Kokila (Nayanthara) is a shy and timid lower middle class girl, who at the same time, is street smart. She, in a way, is the sole bread winner in her family, consisting of her dad (RS Sivaji), a security guard at an ATM, her college-going sister and her loving mother (Saranya Ponvannan), who runs the family with an iron hand. Kokila’s introduction scene spells out her character. She works as a salesgirl in an electronic shop and is not happy with the salary rise offered by her supervisor. The guy hints that if he is made 'happy', he will recommend her name to the general manager. Her retort is simple, "Why should I make you 'happy', when I can go straight to the GM and make him ‘happy’?"
She walks out of her job and against the wishes of her father and joins a massage parlour as a receptionist. One day, she is shocked to know that her mother is suffering from lung cancer and the family needs Rs 15 lakhs for her treatment. She approaches relatives, NGO and others including a rich old man, who wants her to be his 'keep' (paramour) and also provide her a bungalow. Meanwhile, in a mix-up, she meets an influential drug lord. As she is pushed against the wall trying to meet her mother’s medical bills, she decides to become a Kolamavu (Tamil slang for cocaine) peddler.

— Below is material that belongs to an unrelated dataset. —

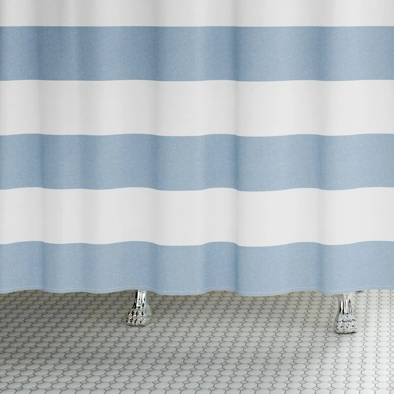 Enhance your bathroom’s ambiance with the Lavelle Shower Curtain. Featuring calming blue and white stripes on 100% brushed polyester, it combines stylish design with durability and a soft feel. Measuring 72×72 inches, this shower curtain fits most standard showers and bathtubs, ensuring complete coverage for a splash-free experience.

Nobody, including a prying cop (Saravanan), will ever suspect the beautiful and coy Kokila to be a drug peddler. And Kokila uses her demure nature to win over people and then get her job done without losing her dignity. In a crucial interval block scene, the stammering and frightened girl smartly turns the tables on the deadly drug leaders by making the boss shoot his own men.
Director Nelson subtly conveys the message that women empowerment is the way to take on the male-dominated society. All the male characters are shown as either wimps, or trying to entice or romance women, including the chief comedian (Yogi Babu). Even Guru, the cop who is after the gang, is controlled by his wife.
The film belongs to Nayanthara. She is riveting in a totally deglamourised role. Her introduction and the interval block scene will make you clap out loud. Saranya Ponvannan, in a change from her usual docile mother stereotype, is good, while Yogi Babu, the comedian, lightens up the screen as a man smitten by the heroine. Motta Rajendran, the other comedian, is predictable and in-your-face. The films works largely because of Anirudh’s jazzy music and background score, which fits into the plot, along with the camera work of Sivakumar Vijayan.
There are Breaking Bad influences throughout the film. The drawbacks are there in plenty. After a racy first half, the pace slackens in the second half, along with some logical loopholes in the plot. However, at the end of the day, it is a Nayanthara show and she shines bright once again.